(September 19, 2022 at 1:51 pm)polymath257 Wrote:(September 18, 2022 at 9:48 pm)Jehanne Wrote: Intellectuals flourished in Islam not because of it, but, in spite of it. Early on the caliphs were too busy fighting and consolidating power to worry about the intellectuals in Islam, whom they did not understand anyways. When political and religious consolidation began to solidify under the caliphates, it became time for these people to go, as they were clearly a threat to the religious order.
Again, not completely true. For example, spherical trigonometry was pushed forward by the problem of trying to find the qibla (direction to Mecca). Computation was enhanced by the legal aspects of inheritance. The earliest work on polynomials was done in Islamic lands.
The point is that the Islamic expansion brought together many different cultures and, for a while, those cultures mixed and generated great intellectual works, often because of questions inspired by religion.
I'm not an expert, but, I am not going to accept anything & everything that experts say; sometimes, the minority position turns out to be the correct one.
For instance, a number of historians have claimed that the Battle of Tours was just a "raiding party", which you can read about in Wikipedia. I find such a viewpoint, even among experts, to be absurd in the highest degree. I have found no good arguments to support it, and, as a layperson, I reject it.
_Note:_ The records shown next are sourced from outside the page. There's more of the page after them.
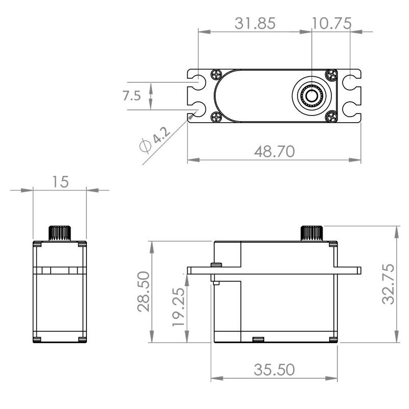 Velmi rychlý úzkopásmový (760 µs) digitální miniservo převodník s kovovými převody a výstupní hřídelí uloženou na dvou kuličkových ložiscích. Ideální pro trimovací rotory vrtulníků velikosti 500, kompatibilní s většinou gyroskopů 760 µs a zařízení flybarless. Aby bylo zajištěno ideální chlazení i při velkém zatížení, je servo uloženo v hliníkovém pouzdře. Servo není programovatelné.
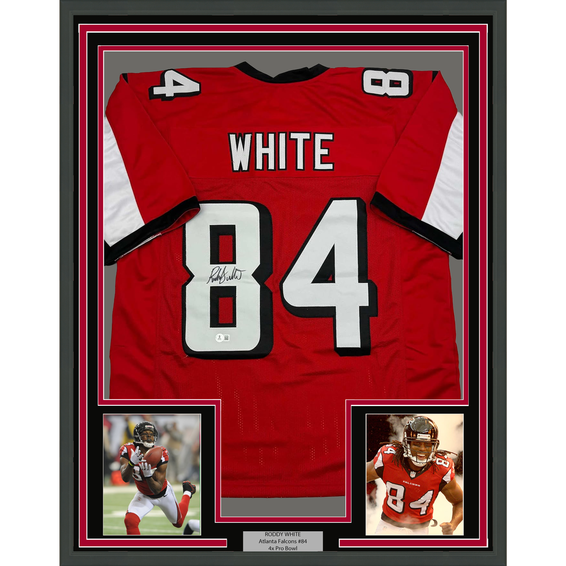 Framed Autographed/Signed Roddy White 35x39 Atlanta Red Football Jersey Beckett BAS COA
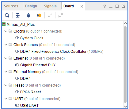 Click the “Board” tab. The default peripherals available for the Aller board will be listed as shown below.
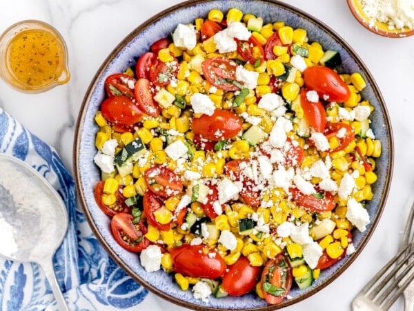 - Only 2 steps. The prep takes just a few minutes (packaged frozen corn for the win)!
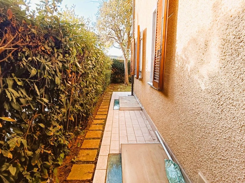 MARINA DI MASSA - A soli 500 metri dalla spiaggia ed in zona servita, si vende appartamento pari al nuovo posto al piano terra con giardino esclusivo. Internamente si compone di ingresso, luminoso soggiorno con angolo cottura, disimpegno, camera matrimoniale, cameretta e bagno con doccia finestrato. A corredo ampio garage, posto auto e cantina. L'immobile viene ceduto completo di arredamento. Aria condizionata.

Likewise, early Islam no doubt used mathematics & science, when such suited them, to further their own ends, but, when the Islamic empire reached its apex, the intellectuals in Islam became more of a threat than an asset; it was at this time that they began to be persecuted more and more, due to the intrinsic teachings of Islam, and not due to some "takeover" from "the fundamentalists", who, rather, were present from Day One.